As expected, I didn't recognize many people there. Appart from a handful of close friends, I somehow didn't get to know many people in college. We did run into a friend who'd lived on our floor freshman year, a Peruvian who's now a lawyer in Miami and going by a different first name. I knew I'd been gone for a long time when he asked me where I'm from originally and I said automatically, "I'm from Colorado," realizing a moment later that I was in Colorado Springs, talking to someone who'd lived there for three years, and could really be more specific.

Other signs I'd been gone awhile: I got out of breath from walking up a single flight of stairs, and though I didn't get drunk off the two glasses of wine I had at the class reception, I did wake up with a headache the next morning.

The other person I recognized at reunion was one of my housemates from junior year, now an artist and hairdresser in LA. Once a self-identified lesbian, she's still with the same boyfriend she was when we lived together. No, I did not ask whether she's still a lesbian.

Tuesday, October 02, 2007

txt me

Shortly after I moved to DC I signed up for emergency text message and email alerts. I'm not much for disaster planning, but it seemed like a good idea. And while I've gotten my share of completely useless information (DMV closed early due to excessive heat, gas leak five blocks away has been repaired), it's also proved handy sometimes, as when it tells me when the severe weather warning will be over--i.e., when it will stop pouring so I can go outside.

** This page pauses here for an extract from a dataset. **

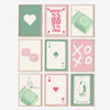 Set of 20 digital download prints in every size you will need. Trendy Retro Wall Art Set of Pink and Green prints including a couple of extras in black and white. Retro Trendy Aesthetic Prints, Pink Ace Card Poster, Lucky You Poster, Trendy Wall Art, Funny Art, Digital, Playing Card Pattern set.
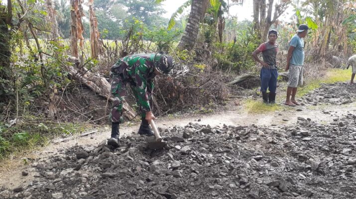 Babinsa Koramil 1406-10/Pitumpanua, Sertu Nanang Subroto, melaksanakan kegiatan kerja bakti pengerasan jalan tani bersama masyarakat di Dusun Jawi Jawi, Desa Bau-Bau, Kecamatan Pitumpanua, Kabupaten

This service entailed paying for maybe five a la carte text messages per month, which made the useless information ones doubly annoying. Then friends starting texting me, at first just once in awhile if they were running late, then more frequently. Some of them seem to use their phones only secondarily to actually make calls. I gave in a few months ago and sprang for the 50 messages/month bundle, which was lucky because my phone company raised the messaging rates to $.15/each at about the same time.

Then this billing cycle came along. Suddenly no one communicates with me orally at all. And why not? Are we European high school students now? Why spend 10 minutes exchanging six text messages when a 60-second phone conversation would be more efficient (and included in my plan)? Was the demise of the phone call a signal of my generation's increasing alienation from our fellow humans? Or was I just doing more stuff that called for texting? Whatever the reason, I burned through 62 messages in a week. I needed to cut back. But how?

Yesterday morning I awoke to this text from alert DC:
3-Alarm Fire @ 2633 Adams Mill Rd. NW. Parts of Coumbia Rd, Calvert St. & Adams Mill closed nearby.
Interesting? Definitely. Useful? Possibly. But did I need to know this at 6:43 am? No!

Well, resistance was clearly futile. I switched to the 300 message bundle that morning, at the bargain rate of $4.99/month. So go ahead, text me. Maybe next month I'll switch to the unlimited plan.